Takis Zenetos is a Greek architect whose work seems clearly to belong in a list of avant-garde mid-to-late 20th century architects like Yona Friedman, Constant, and even Archigram, but who seems otherwise to have been overlooked.
The above project – visible in the next image – is for a hanging hotel, a combination of Tibetan palace, Anasazi cliff dwelling, and artificial geological formation.
[Image: The Hanging Hotel, strung onto a cliffside like a musical instrument, by Takis Zenetos].
His most exciting project is Cable City, an incredible 1961 design for a suspended city – what Zenetos called une ville suspendue. The entire metropolis would be hung from cables, a kind of tensional extension of the earth's surface.

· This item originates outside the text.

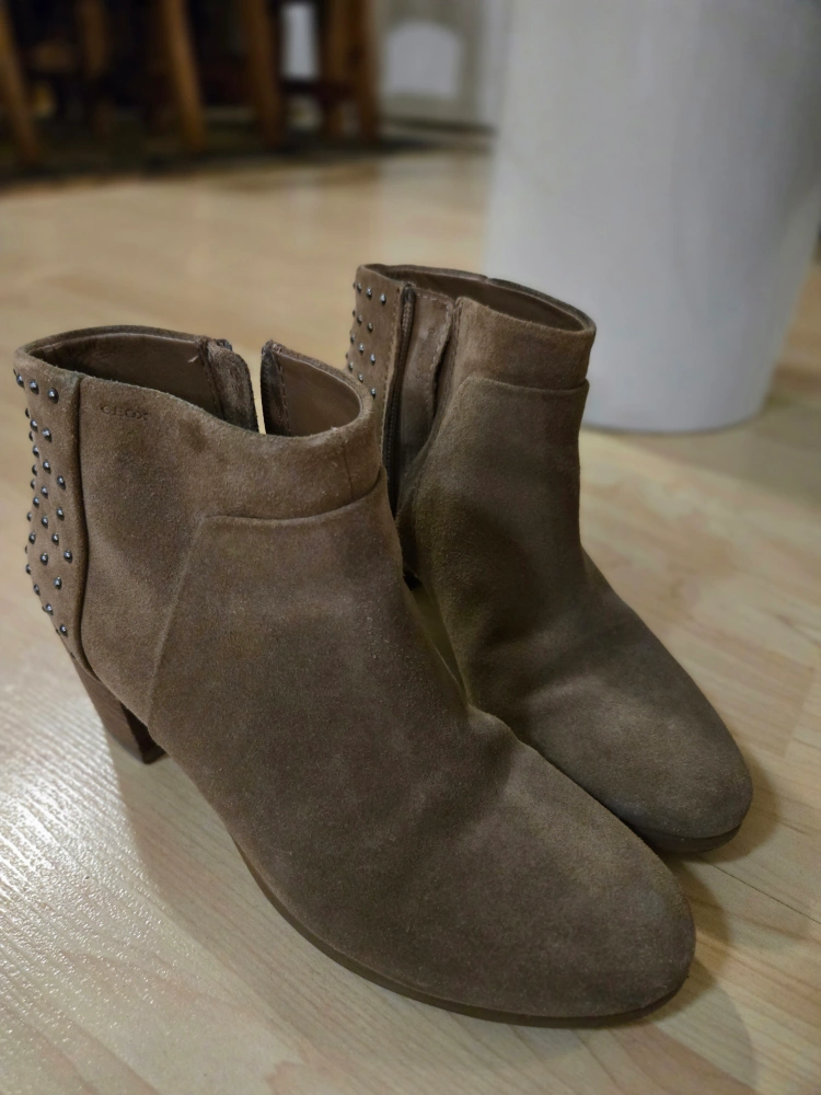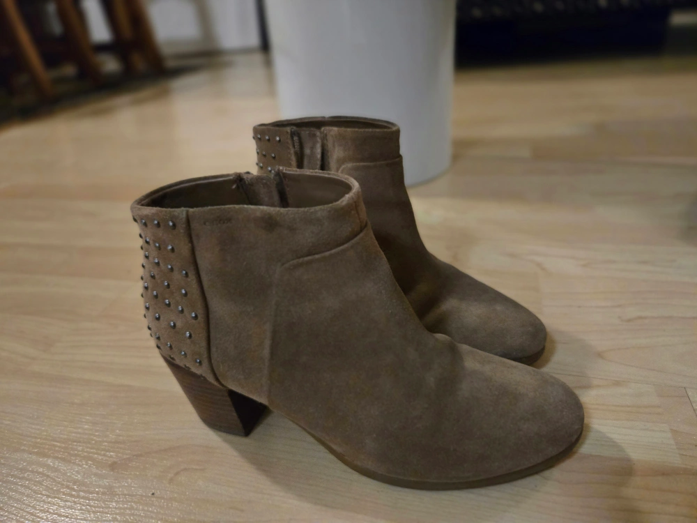 Selling a pair of Geox ankle boots in a lovely brown suede! They're in good condition and feature stylish stud detailing on the sides. Size 7. Reason of Selling: I am moving to new place. Only available for pick up.

[Image: The Cable City of Takis Zenetos].
The overall impetus behind the project seems to be something like counter-terrestriality: a city that would not only span, but even temporarily replace, the earth's surface, forming a cobweb of urban settlement. An extremely local architectural offworld made of capsules, wired Archigramian hammocks, and other high-tech micro-environments.

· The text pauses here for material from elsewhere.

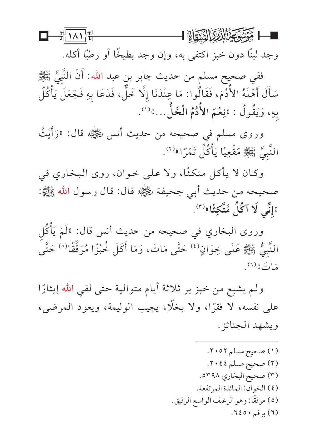 وروى البخاري في صحيحه من حديث أنس قال: «لَمْ يَأْكُلِ النَّبِيُّ - صلى الله عليه وسلم - عَلَى خِوَانٍ (¬٤) حَتَّى مَاتَ، وَمَا أَكَلَ خُبْزًا مُرَقَّقًا (¬٥) حَتَّى مَاتَ» (¬٦).

[Image: The Cable City of Takis Zenetos; the instant city as toupee].
[Images: The Cable City of Takis Zenetos].
He even drew gullies choked with wind turbines – sustainable, if bird-murdering, power stations – decades ahead of his time.
[Images: A turbined gorge by Takis Zenetos].
"Takis Zenetos (1926-1978)," is the pre-eminent architect of Greek modernism, with a varied oeuvre (industrial buildings, schools, residences, objects, urban planning studies), and he is best known for the FIX building on Syngrou Avenue and the Lycabettus theatre.
"What is not widely known is that Zenetos was a visionary of the future electronic city and the digital age."